Pocas personas han llevado la integridad tan al límite como Ignác Fülöp Semmelweis (1818-1865), un hombre que por salvar vidas sacrificó la propia, con el mundo en contra, condenado al oprobio y empujado a la locura. Esta es una historia que habla por sí misma.
Semmelweiss nació en Budapest en 1818, y se trasladó a Viena para cursar estudios de Medicina en 1837. Se licenció en 1844, y dos años después, a los 28 años, obtuvo el Doctorado en Obstetricia, pasando a hacerse cargo de una de las secciones de maternidad del Hospicio General de Viena que dirigía el prestigioso Doctor Klein.
En esa época las tasas de mortalidad por infección postparto eran muy elevadas en toda Europa, rondando el 20% de las mujeres intervenidas, si bien en la clínica de Viena a la que él se hallaba adscrito la cifra se estabilizaría en el 40%. Pero bien porque se consideraba que la muerte de las mujeres tras dar a luz era antigüa como el mundo, bien porque a los hospitales sólo acudían las mujeres de más baja extracción social (las que no podían permitirse que un médico las atendiera en su casa), lo cierto es que estas muertes por infección, precedidas por semanas de intenso sufrimiento, no eran una preocupación para la comunidad médica de la época, hasta que Semmelweis llegó al cargo en 1846.
En sus primeros meses como responsable médico se encontró con que la cifra de mujeres que morían tras el parto registró picos del 96%, una situación que llevó incluso a que muchas embarazadas preferieran correr el riesgo de dar a la luz solas en la calle antes que ser atendidas allí. En apenas medio año su mundo se vino abajo. Se sentía impotente, culpable y abrumado por la muerte cuando escribió: "El desesperante sonido de la campanilla que precede al sacerdote ha penetrado para siempre en la paz de mi alma.

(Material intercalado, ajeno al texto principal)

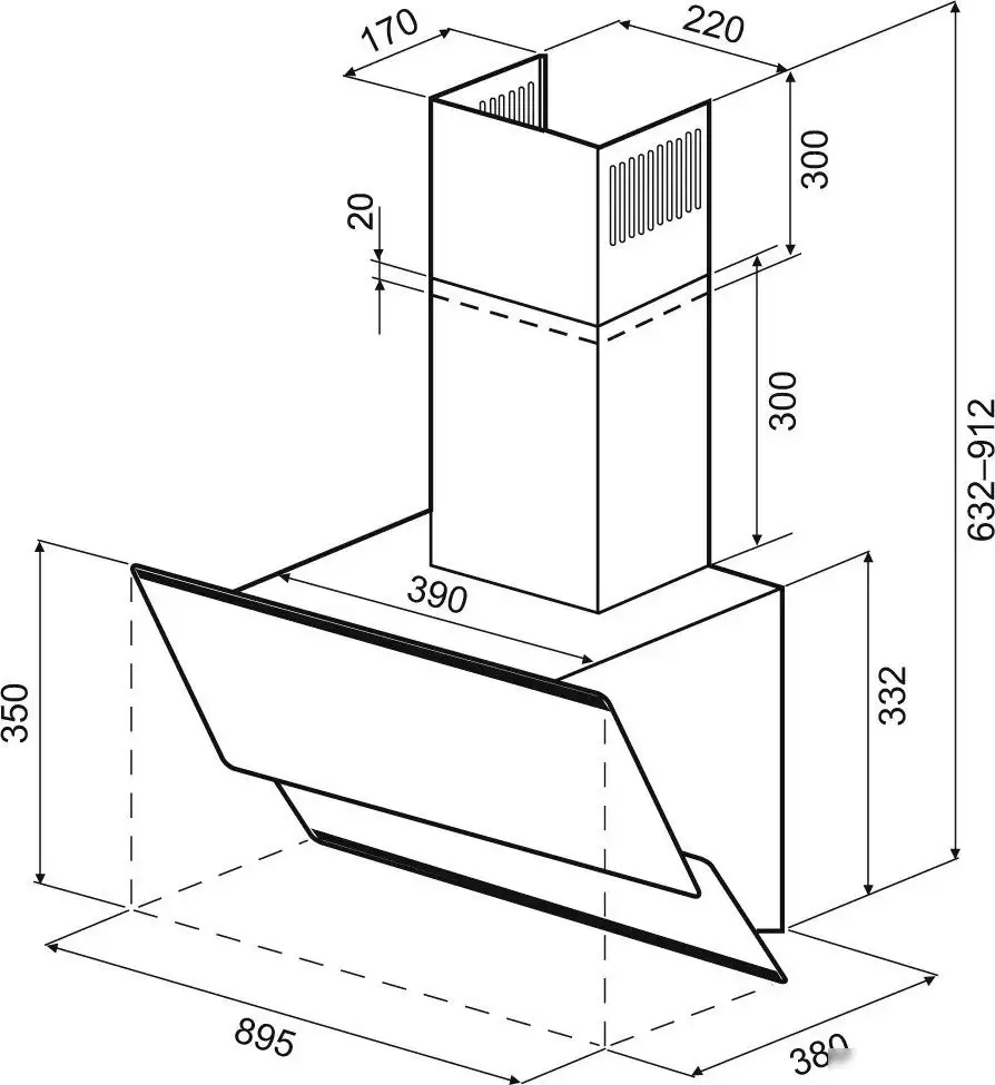 конструкция наклонная, монтаж настенный, ширина 89.5 см, управление сенсорное, цвет черный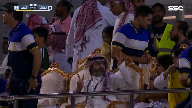 اما نکته اصلی شادی هواداران النصر جایی است که عبدالله العمرانی، نائب رئیس باشگاه النصر پس از اینکه برای مشاهده دیدار همزمان از جایش بلند شده، با به ثمر رسیدن گل تساوی الهلال برابر الاتحاد، به صندلی خود برمیگردد و سپس برای دیگر مدیران النصر که در جایگاه ویژه حضور دارند، نتیجه 2 بر 2 را با دستانش نشان میدهد و سریعا دستش را زیر چانه گذاشته و تلاش میکند چهره خود را بابت گلزنی رقیب همشهریاش، خوشحال نشان ندهد.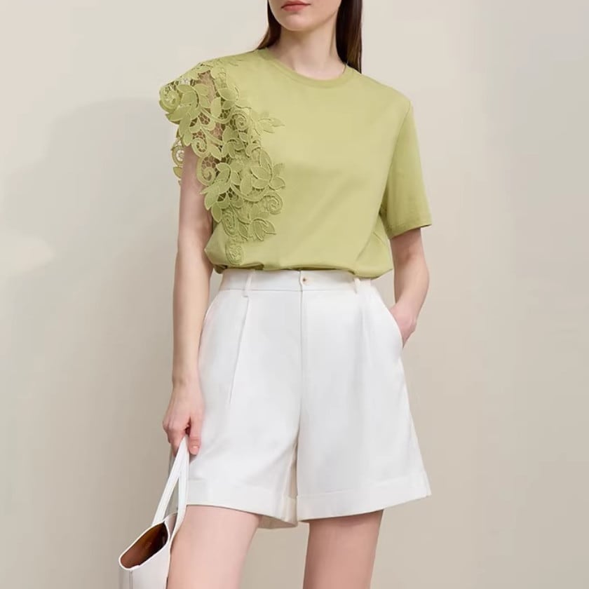 L:胸囲 100 / 着丈 60 / 肩幅 40 / 袖丈 23 / ウエスト 103 / 裾周 105 / 袖幅 35.4 / 袖口 33.9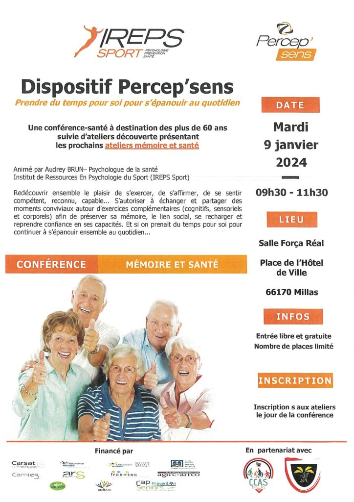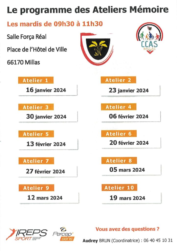 Le CCAS et La Ville de Millas vous propose en Collaboration avec l’institut de ressources en psychologie du sport (IREPS Sport) des ateliers Mémoire et Santé.

Todos los horrores, de los que diariamente soy impotente testigo, me hacen la vida imposible. No puedo permanecer en la situación actual, donde todo es oscuro, donde lo único categórico es el número de muertos".
Se obsesionó por investigar el problema y dio con la solución. Comparando la incidencia de la infección puerperal en su sección con la de otra que, atendida exclusivamente por comadronas, no registraba porcentajes superiores al 1% llegó a inferir que eran sus estudiantes de medicina, que atendían los partos después de practicar autopsias, los que trasladaban los agentes infecciosos de los cadáveres a los cuerpos de las mujeres, y de las mujeres que enfermaban a las que ingresaban sanas. No podía ser más feliz, pese a que el remordimiento por haber tardado tanto ya había echado raíces en su mente, al haber descubierto que el motivo de tanto sufrimiento tenía una solución tan sencilla como que los médicos se lavaran las manos y el instrumental con agua clorada al pasar de una sala a otra, y entre el examen de una mujer y otra.

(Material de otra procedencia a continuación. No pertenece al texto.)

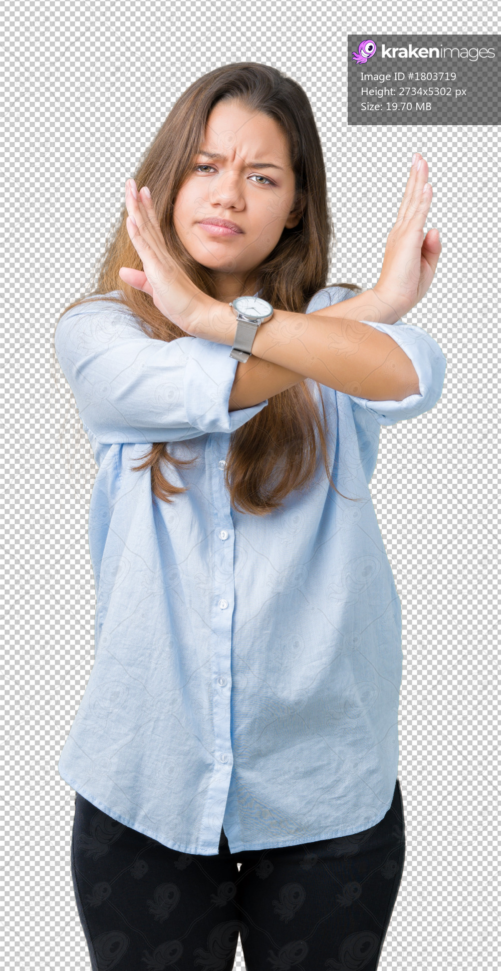 Young beautiful brunette business woman over isolated background Rejection expression crossing arms doing negative sign, angry face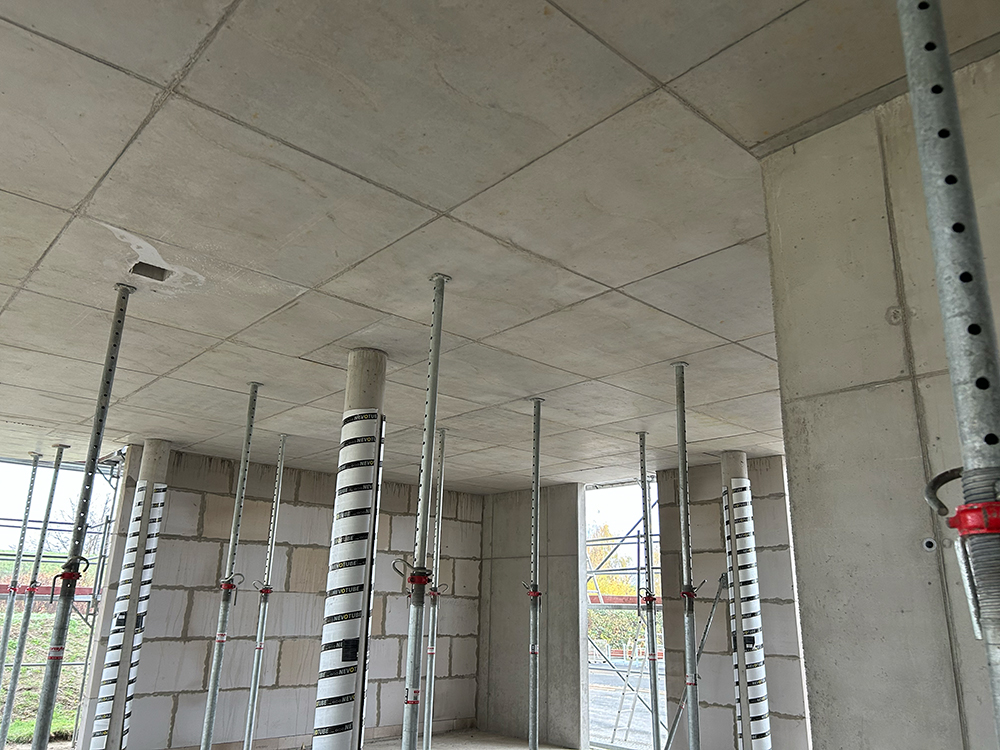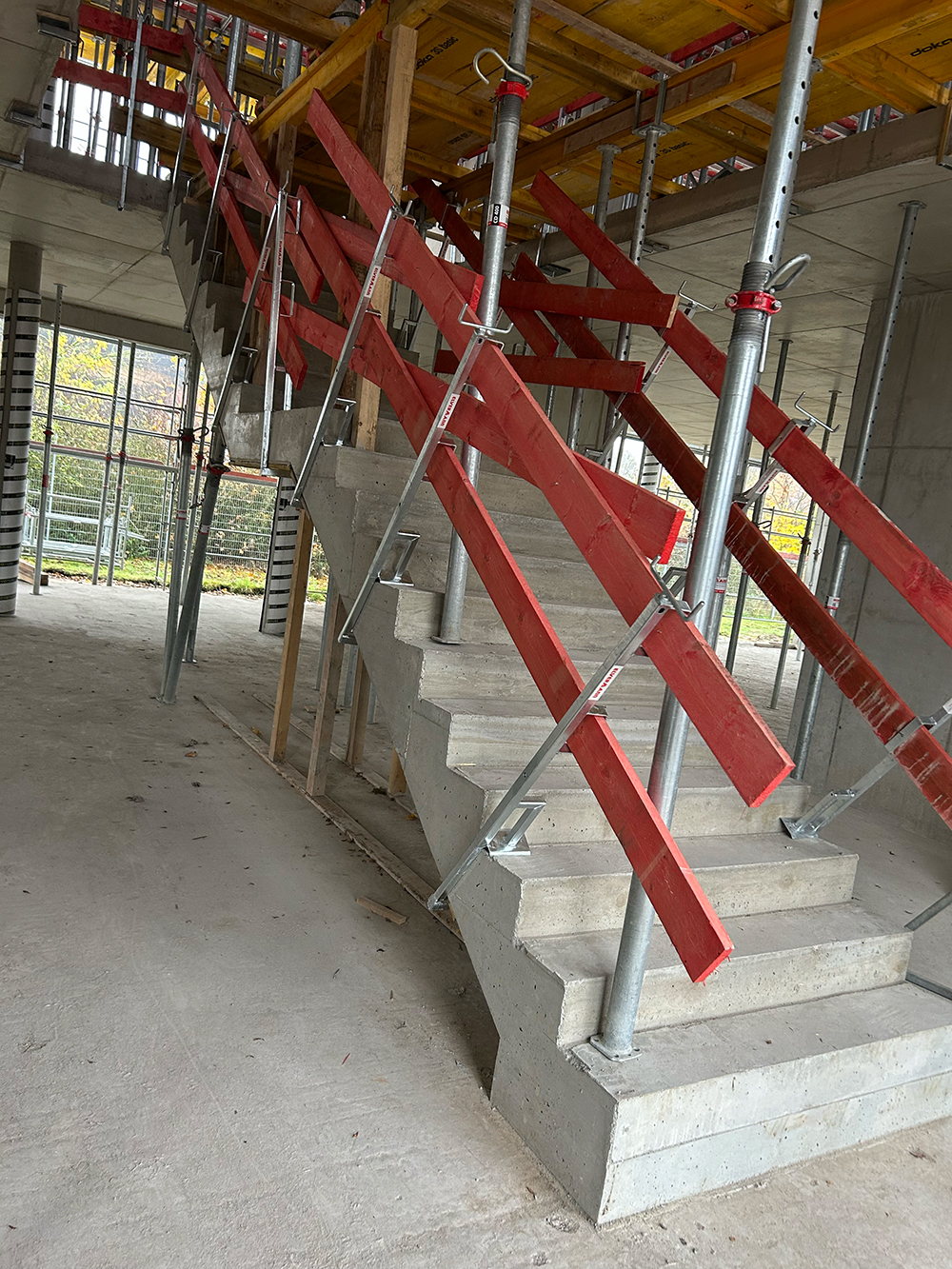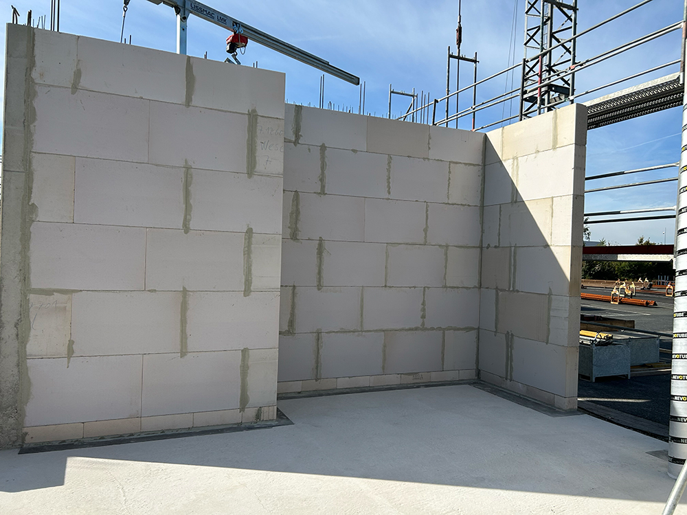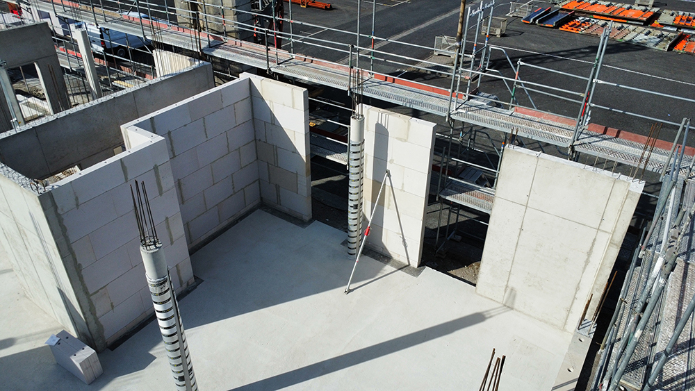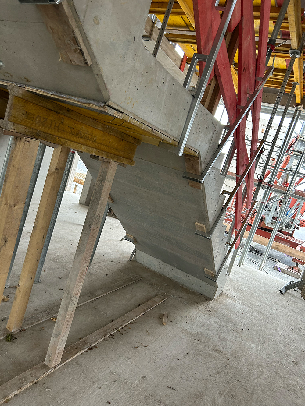 Bei diesem Projekt bestand die Herausforderung in der Erstellung der Betonwände und Betondecken in Sichtbetonqualität. Hierzu hatten wir für die Decken eine Systemschalung gewählt. An den auskragenden Bauteilen der Decke sowie den Betonaufkantungen über der OG-Decke haben wir die Kanten in runder Schalung erstellt. Die Betontreppe wurde von uns ebenfalls örtlich geschalt.

Inmediatamente decide instalar un lavabo a la entrada de la sala de partos y obliga a los estudiantes a lavarse las manos para poder entrar. Dos semanas después es despedido. El doctor Klein y otros importantes doctores entran en cólera, se mofan de él, lo desautorizan públicamente; se sienten ofendidos porque un médico tan joven, y peor, un húngaro, pretenda darles lecciones, y se oponen a tener en consideración su teoría sin inmutarse en que con ello se alargara una inútil pérdida de vidas.

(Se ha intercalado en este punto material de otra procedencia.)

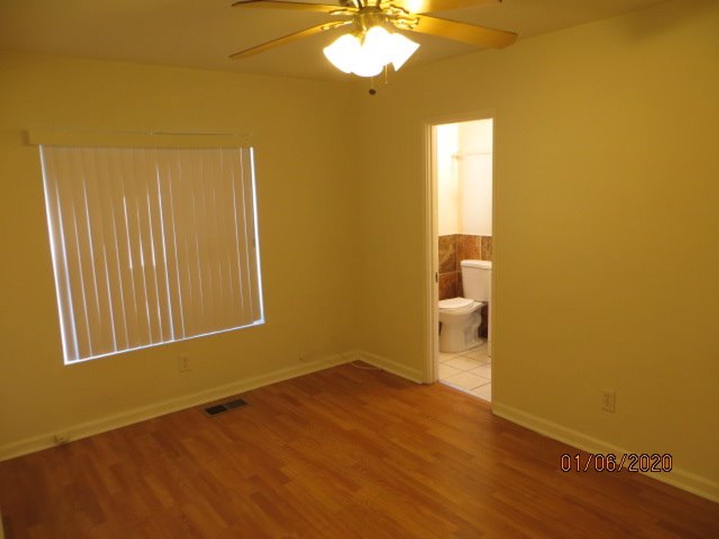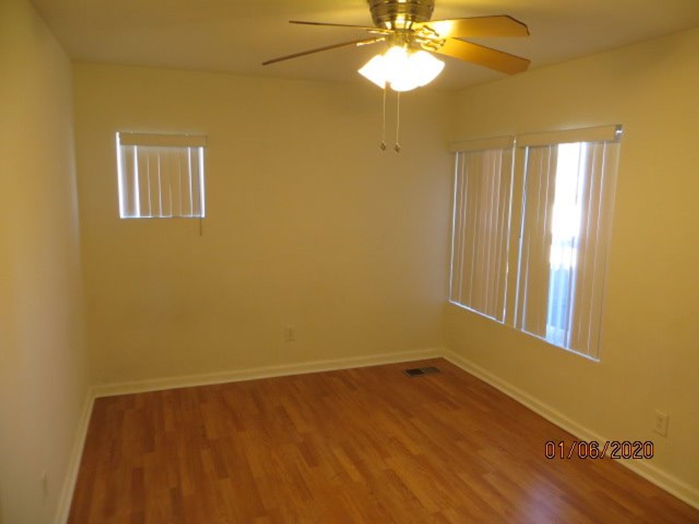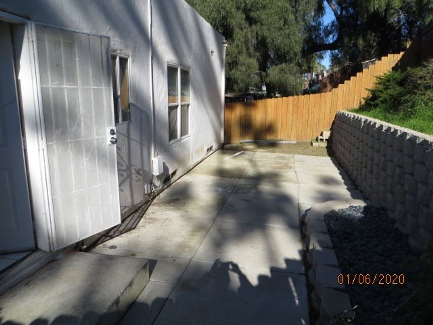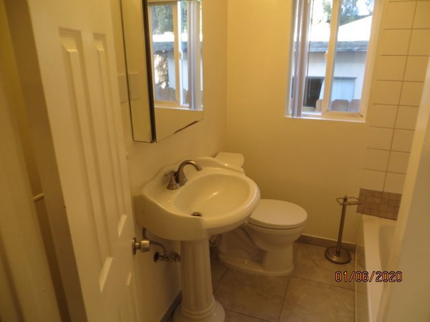 This 3-bedroom 2-bathroom house sits at the back of a quiet lot, shared with a duplex apartment building.

Tocado por las circunstancias Semmelweis se alejará de Austria por dos meses, pero su conciencia le obliga a volver; ya solo puede seguir hacia adelante. Consigue un nuevo empleo en otra sala de maternidad, y extendiendo allí la práctica del lavado con cloruro cálcico hace que la mortalidad caiga por debajo del 1%. Investiga en los registros, pasa meses sumergido en papeles para documentar su descubrimiento con datos, remontándose un siglo atrás, demostrando la evolución pareja de las infecciones con la práctica de autopsias en los mismos centros y por los mismos estudiantes. Publica el descubrimiento en la revista de la Real e Imperial Sociedad de Medicina de Viena, en abril de 1848. Pero por vanidad o por envidia, los principales cirujanos y obstetras europeos ignoran o rechazan su descubrimiento. Y vuelven a despedirlo, en marzo de 1849.
Acechado ya por accesos de problemas mentales vuelve a Budapest en plena revolución húngara, lo pierde todo y acaba viviendo en la calle, hasta que un médico amigo de Viena lo localiza y consigue que le den un puesto en un hospital mucho más modesto, la Maternidad de San Roque de Budapest. Allí vuelven a descender las muertes post parto casi a cero, mientras las cifras, de París a Berlín, de Londres a Viena, siguen siendo dramáticamente altas. En 1854 conseguirá un puesto también como profesor en la Universidad de Pest, un centro de enseñanza considerado de segunda categoría. Fuera de su círculo más intimo lo siguen considerando un paria, y un loco peligroso cuando en 1856 llega a colgar pasquines en las calles advirtiendo a las embarazadas de que no acudan a dar a luz a los hospitales y a publicar en los periódicos una carta abierta "a todos los profesores de obstetricia" tachándoles, literalmente, de asesinos.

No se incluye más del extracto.